Whiteboard: [e10s only?]
I understand 0x5a5a5a6e is free memory read...
Group: core-security
Mason, is this something you could look at?  It looks like you've written some patches recently in CompositorParent.
Flags: needinfo?(mchang)
Summary: Intermittenttest_bug346659.html | application crashed [@ std::_Rb_tree<unsigned long, std::pair<unsigned long const, mozilla::layers::CompositorParent::LayerTreeState>, std::_Select1st<std::pair<unsigned long const, mozilla::layers::CompositorParent::Laye → Intermittent test_bug346659.html | application crashed [@ std::_Rb_tree<unsigned long, std::pair<unsigned long const, mozilla::layers::CompositorParent::LayerTreeState>, std::_Select1st<std::pair<unsigned long const, mozilla::layers::CompositorParent::Lay
Flags: needinfo?(mchang)
Attached file Full Stack Trace
Hi Kats, does this look familiar to you? Do you know if any of the event handling code landed ~December 3? Thanks!
Flags: needinfo?(bugmail.mozilla)
After chatting with :mccr8, it'd be really helpful to see if this issue is still occurring. A couple of options would be to clone this to a public bug to see if it happens or (b) unhide this bug. Andrew said we can decide after a reply to comment 7.
Yeah, it happened 3 times on 12-3, then didn't happen for 2 days before the bug was hidden, which kind of sounds to me like some patch landed that caused this, then it got backed out.
From the stack it's not obvious to me why this would happen. sIndirectLayerTrees is a static std::map so calling find() on it should pretty much always work. The only case I can think of this might fail is if code accesses sIndirectLayerTrees from multiple threads concurrently. It's meant to be used only on the main thread so it's possible something landed to use it on the compositor thread and then got backed out.

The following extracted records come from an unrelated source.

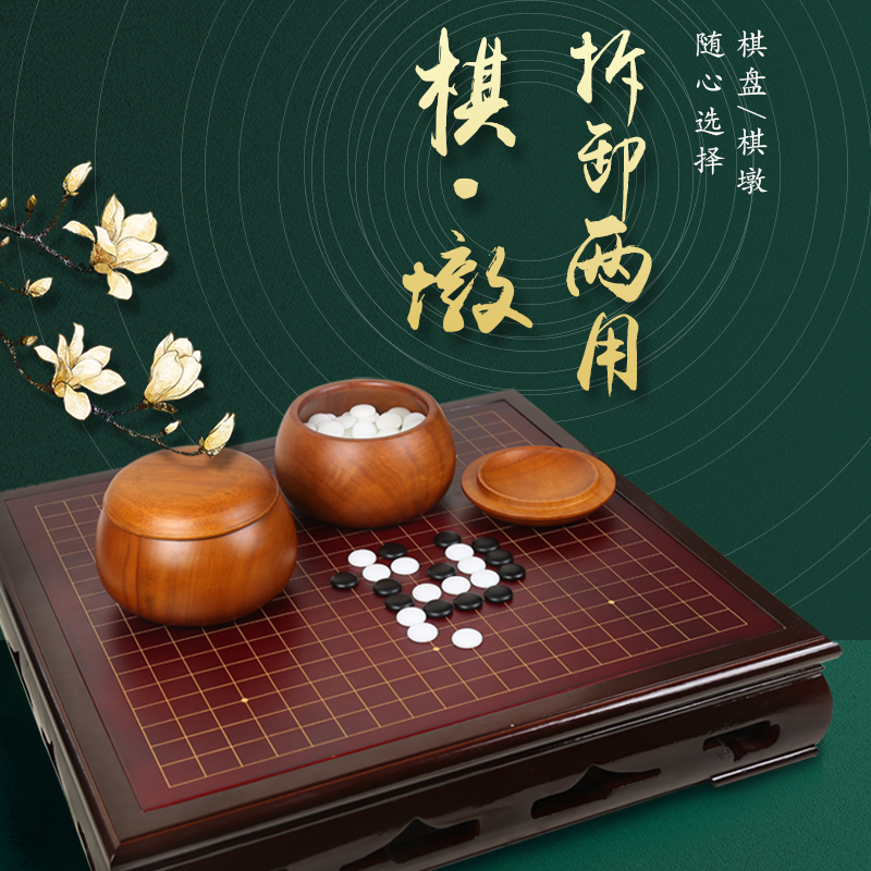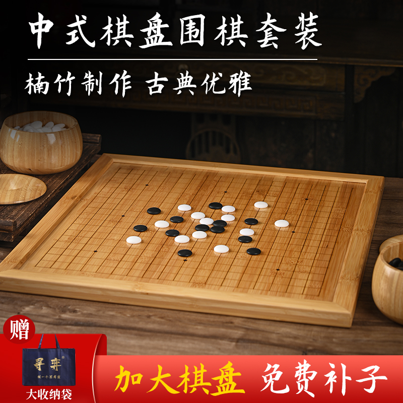 御圣楠竹圍棋棋盤套裝成人象棋全實木兒童學生初學者雙面兩用棋具
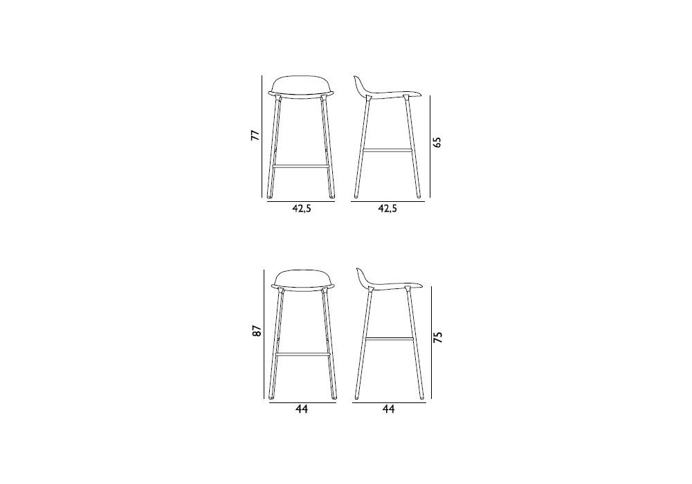 Form, diseñado por Simon Legald para Normann Copenhagen es un taburete, con patas y estructura portante en acero, y con asiento en material plástico. Form está disponible en diferentes acabados y en dos tamaños diferentes.
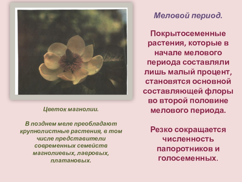 В позднем меле преобладают крупнолистные растения, в том числе представители современных семейств магнолиевых, лавровых, платановых.
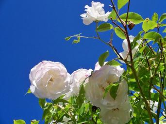 Keywords: iceberg rose flowers white rose flower close close-up petals pollen branches country garden blue sky yorkshire rose
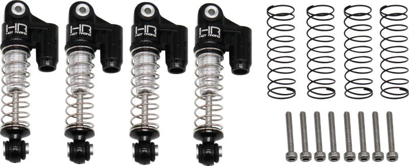 Hot Racing aluminum shocks for the Axial SCX24, or other mini/micro crawler. These shocks are friction damped, requiring only a partial filling of silicone oil. The include a machined reservoir shock cap for realistic scale looks.

If this crash is still happening I can investigate more.
Flags: needinfo?(bugmail.mozilla)
Blocks: 1110275
Carsten have you seen this bug present itself lately (re: comment 11).
Flags: needinfo?(cbook)
Bug 1110275 hasn't picked up any stars since it was filed and a quick search for "std::_Rb_tree" only turns up this bug and that one, so I'm going to say no.

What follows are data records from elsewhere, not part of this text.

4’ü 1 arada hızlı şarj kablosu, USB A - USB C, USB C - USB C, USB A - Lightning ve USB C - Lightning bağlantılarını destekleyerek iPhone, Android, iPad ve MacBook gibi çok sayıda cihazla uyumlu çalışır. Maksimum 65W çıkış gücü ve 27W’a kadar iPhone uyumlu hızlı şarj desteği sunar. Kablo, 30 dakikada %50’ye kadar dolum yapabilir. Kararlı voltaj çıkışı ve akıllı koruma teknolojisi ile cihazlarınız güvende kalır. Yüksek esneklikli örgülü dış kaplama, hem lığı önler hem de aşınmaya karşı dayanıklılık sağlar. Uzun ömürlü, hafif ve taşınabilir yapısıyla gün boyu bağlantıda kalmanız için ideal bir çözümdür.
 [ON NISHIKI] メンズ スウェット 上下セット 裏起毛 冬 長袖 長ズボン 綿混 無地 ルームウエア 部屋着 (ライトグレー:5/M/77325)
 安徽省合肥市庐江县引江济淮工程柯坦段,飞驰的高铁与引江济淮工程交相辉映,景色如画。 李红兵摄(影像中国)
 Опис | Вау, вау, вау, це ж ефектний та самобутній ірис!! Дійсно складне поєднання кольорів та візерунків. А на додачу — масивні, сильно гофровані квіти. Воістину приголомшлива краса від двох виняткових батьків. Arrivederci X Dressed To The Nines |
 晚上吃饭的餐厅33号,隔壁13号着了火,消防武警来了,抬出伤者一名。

BTW, bug 1069937 appears to be a dupe as well?
Flags: needinfo?(cbook)
Since this doesn't seem to be an issue anymore, can we resolve this?
Flags: needinfo?(continuation)
Sounds like a plan.
Status: NEW → RESOLVED
Closed: 10 years ago
Flags: needinfo?(continuation)
Resolution: --- → WORKSFORME
Status: RESOLVED → REOPENED
Resolution: WORKSFORME → ---
sIndirectLayerTree accesses don't appear to be thread-safe: https://treeherder.mozilla.org/#/jobs?repo=try&revision=e8cb0663d54d
(In reply to Kartikaya Gupta (email:kats@mozilla.com) from comment #17)
> sIndirectLayerTree accesses don't appear to be thread-safe:
> https://treeherder.mozilla.org/#/jobs?repo=try&revision=e8cb0663d54d

Is that something you could look into fixing?  Thanks.
Flags: needinfo?(bugmail.mozilla)
Yeah i can take this.
Assignee: nobody → bugmail.mozilla
Flags: needinfo?(bugmail.mozilla)
I just also want to note that I'm assuming the unsynchronized access to this variable is the problem. It might be something else in which case this patch may not fix it. Until we have reliable STR it'll be hard to tell one way or the other.
Update patch that actually works [1]. It took me a few attempts to get here and I'm not totally happy with the patch. I want to think about how to do this better, but requesting feedback for suggestions.

[1] https://treeherder.mozilla.org/ui/#/jobs?repo=try&revision=310c8ea54bca
Attachment #8543371 - Attachment is obsolete: true
Attachment #8544535 - Flags: feedback?(bgirard)
Comment on attachment 8544535 [details] [diff] [review]
Lock sIndirectLayerTrees when touching it

Review of attachment 8544535 [details] [diff] [review]:
-----------------------------------------------------------------

It's better than what we have now. I'm a bit worried that if something requires locking we might need the whole operation to be locked and not individual access to the tree. For instance a piece of code check that a node is in the tree, takes a branch based on that and now expects the following call to be able to operate on the node.

I'll leave it up to you to weight this potential problem since it's purely theoretical at this point.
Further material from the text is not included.